In this example we prove that the interval is the same regardless of what frame of reference we compute it in. This is called “Lorentz invariance.” The proof is limited to the timelike case. Given events A and B, construct the light-rectangle as defined in figure ab/1. On p. 389 we proved that the Lorentz transformation doesn't change the area of a shape in the \(x\)-\(t\) plane. Therefore the area of this rectangle is unchanged if we switch to the frame of reference ab/2, in which A and B occurred at the same location and were separated by a time interval \(\tau\). This area equals half the interval \(\mathcal I\) between A and B. But a straightforward calculation shows that the rectangle in ab/1 also has an area equal to half the interval calculated in that frame. Since the area in any frame equals half the interval, and the area is the same in all frames, the interval is equal in all frames as well.

ab / Example 8.

Example \(\PageIndex{9}\): A numerical example of invariance

ac / Example 9.

Figure ac shows two frames of reference in motion relative to one another at \(v=3/5\). (For this velocity, the stretching and squishing of the main diagonals are both by a factor of 2.) Events are marked at coordinates that in the frame represented by the square are

\[\begin{align*} (t,x) & = (0,0) \text{and} \\ (t,x) &= (13,11) . \end{align*}\]

The interval between these events is \(13^2-11^2=48\). In the frame represented by the parallelogram, the same two events lie at coordinates

\[\begin{align*} (t',x') & = (0,0) \text{and} \\ (t',x') &= (8,4) . \end{align*}\]

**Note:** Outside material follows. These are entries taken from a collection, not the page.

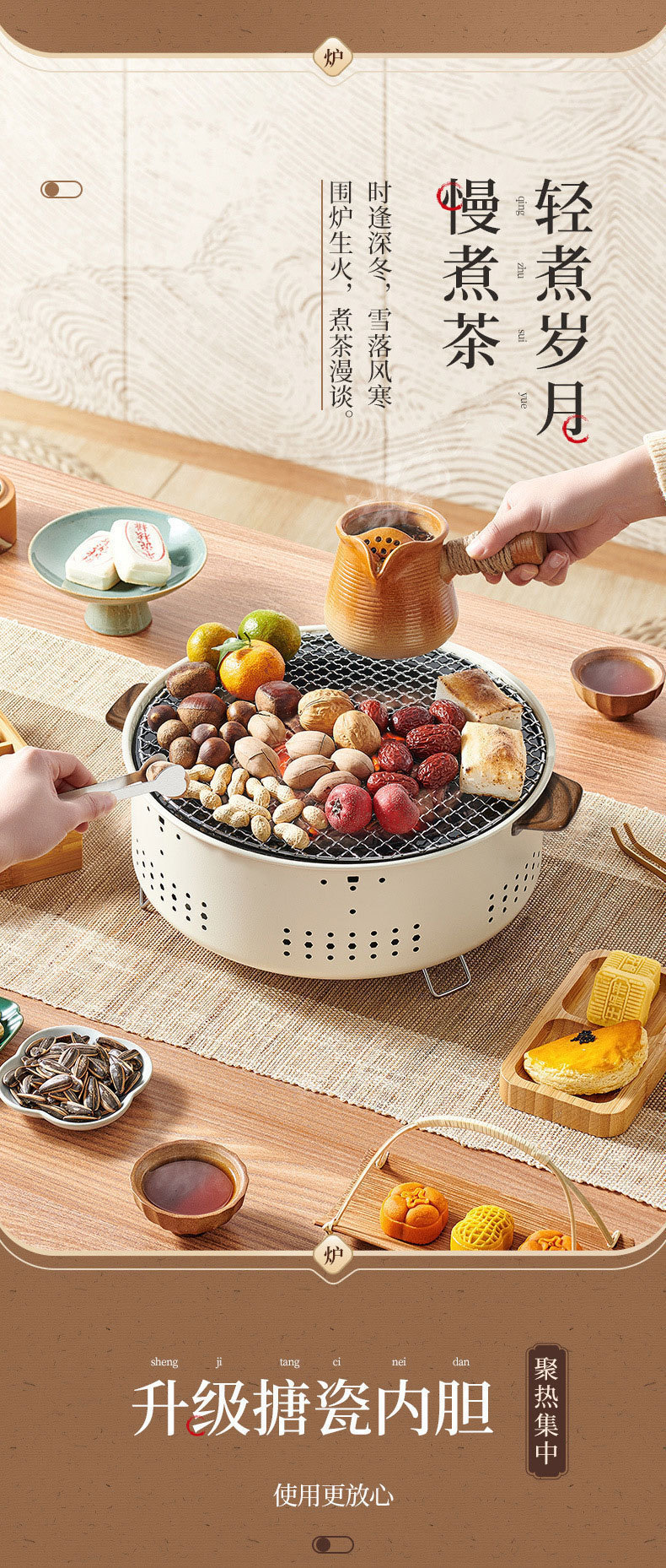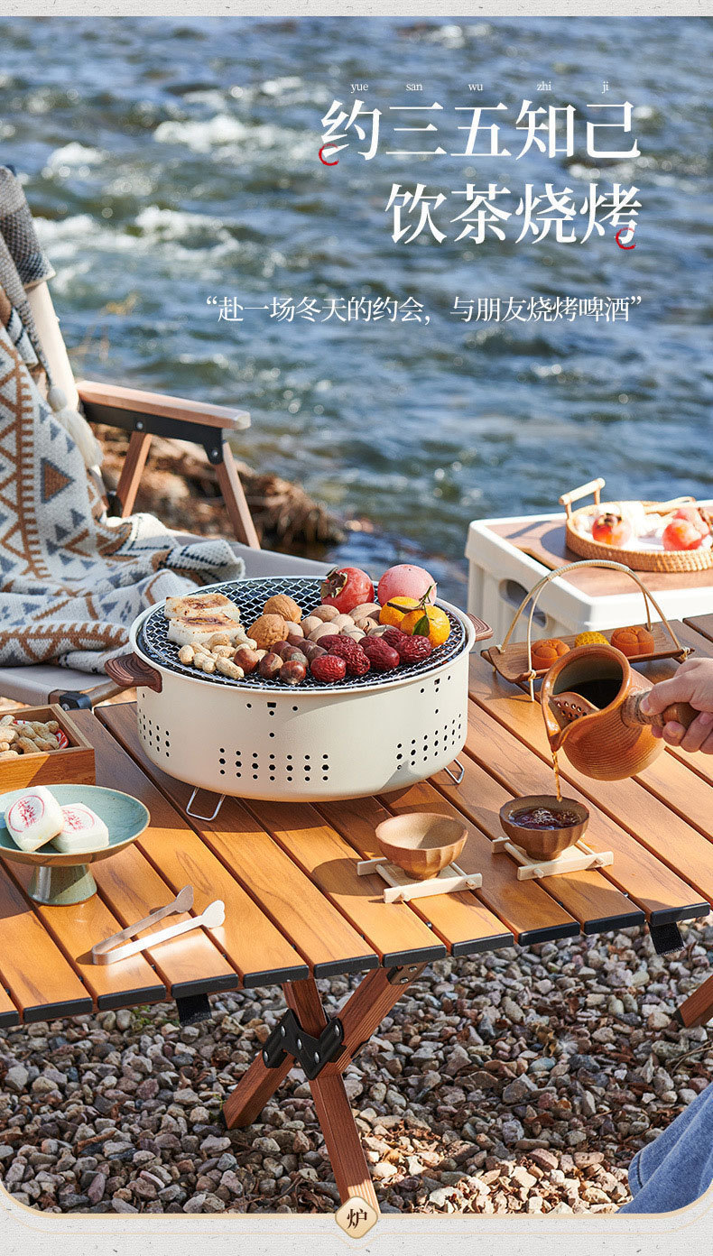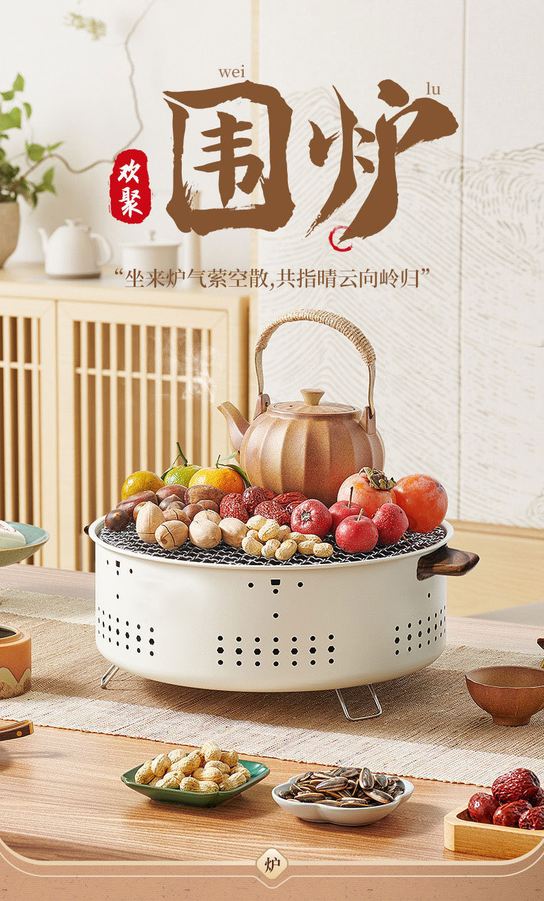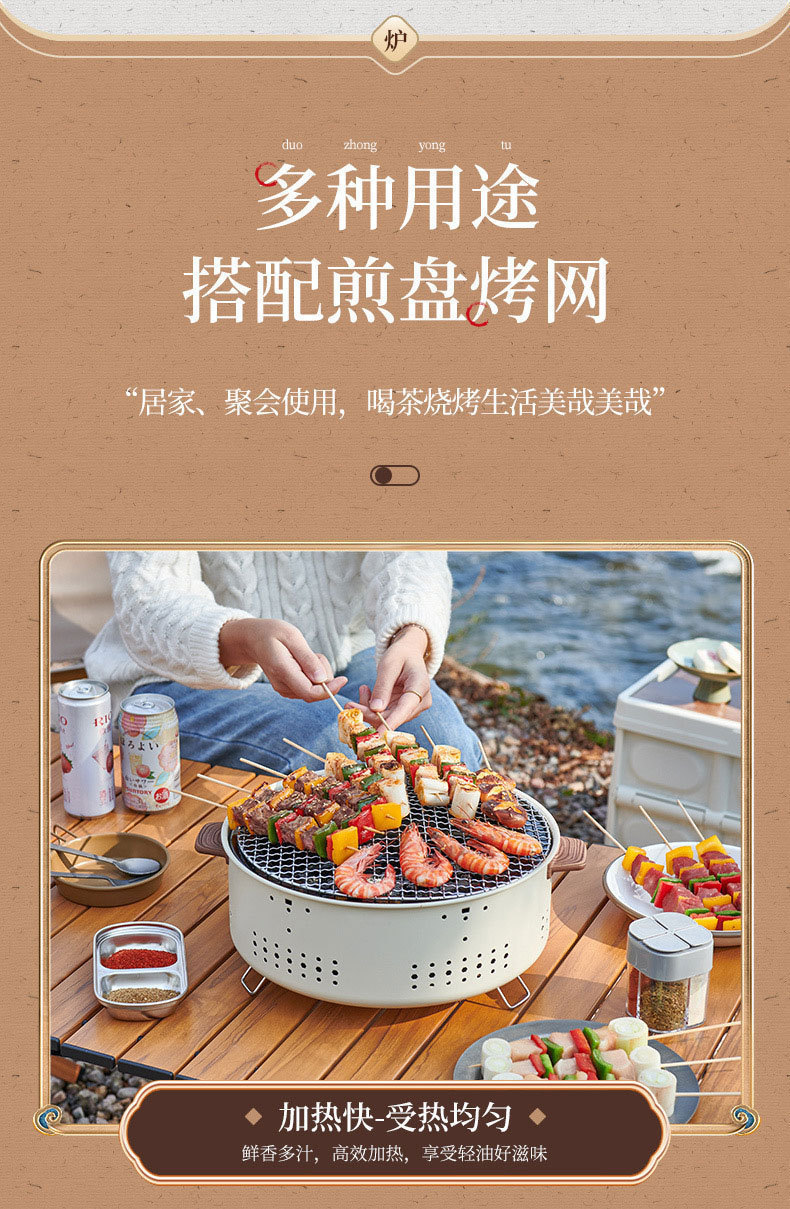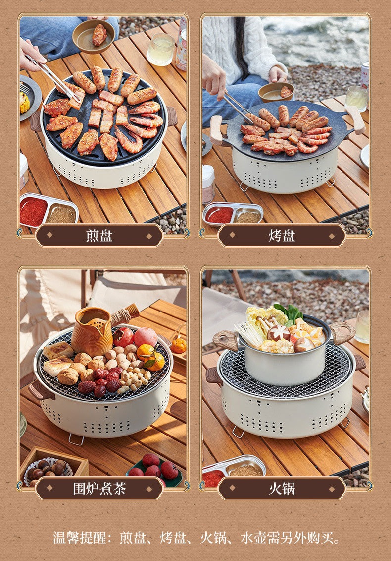 【烧烤焙炉两不误❗️新款围炉】煮茶家用烧烤架 户外露营多功能烧烤炉 小型木炭取暖碳烤炉
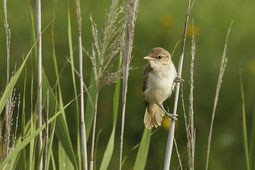 松村さんの早朝散歩より 修景池では、カイツブリの営巣場所は確認できず。オオヨシキリが葦・紅葉にとまり存在を主張し始めていた。
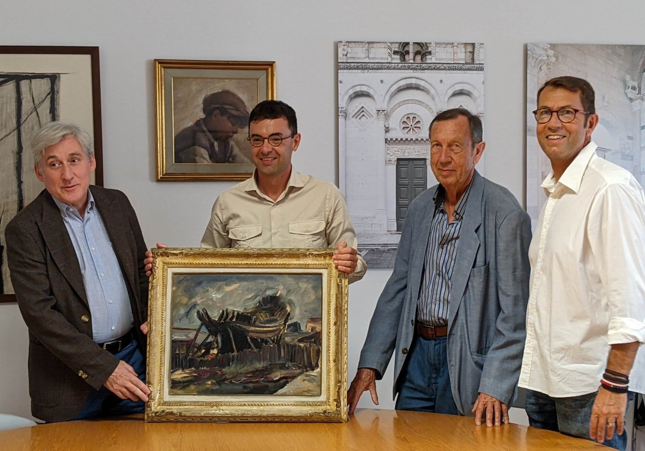 La collezione della Fondazione Ragghianti si arricchisce di una nuova opera: si tratta di un olio su cartone intelato del pittore versiliese Renato Santini (1912-1995), intitolato “Cantiere Darsena vecchia”, del 1950, dono del figlio dell’artista Antonello Santini.
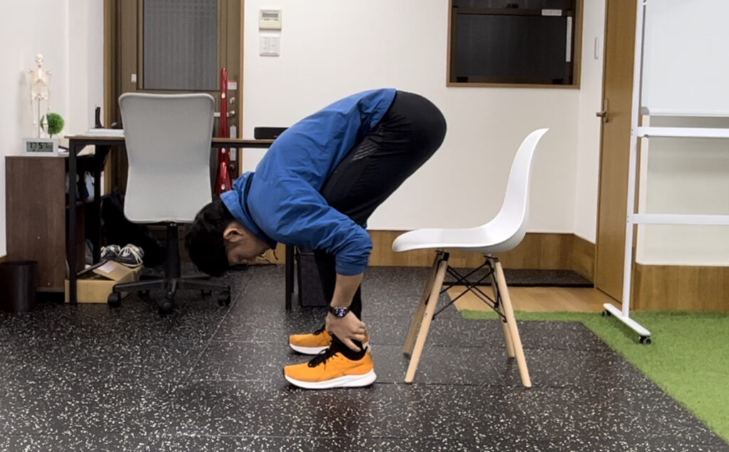 特に股関節周りの筋肉が硬いことが多く、体を前にかがめる(前屈)動作や体を後ろに反る(後屈)動作が行かない選手も多いです。

Calculating the interval using these values, the result is
\(8^2-4^2=48\), which comes out the same as in the other frame.

Four-vectors and the inner product

Example 7 makes it natural that we define a type of vector with four components, the first one relating to time and the others being spatial. These are known as four-vectors. It's clear how we should define the equivalent of a dot product in relativity:

\[\begin{equation*} \mathbf{A}\cdot\mathbf{B} = A_t B_t - A_xB_x - A_yB_y - A_zB_z \end{equation*}\]

The term “dot product” has connotations of referring only to three-vectors, so the operation of taking the scalar product of two four-vectors is usually referred to instead as the “inner product.” The spacetime interval can then be thought of as the inner product of a four-vector with itself. We care about the relativistic inner product for exactly the same reason we care about its Euclidean version; both are scalars, so they have a fixed value regardless of what coordinate system we choose.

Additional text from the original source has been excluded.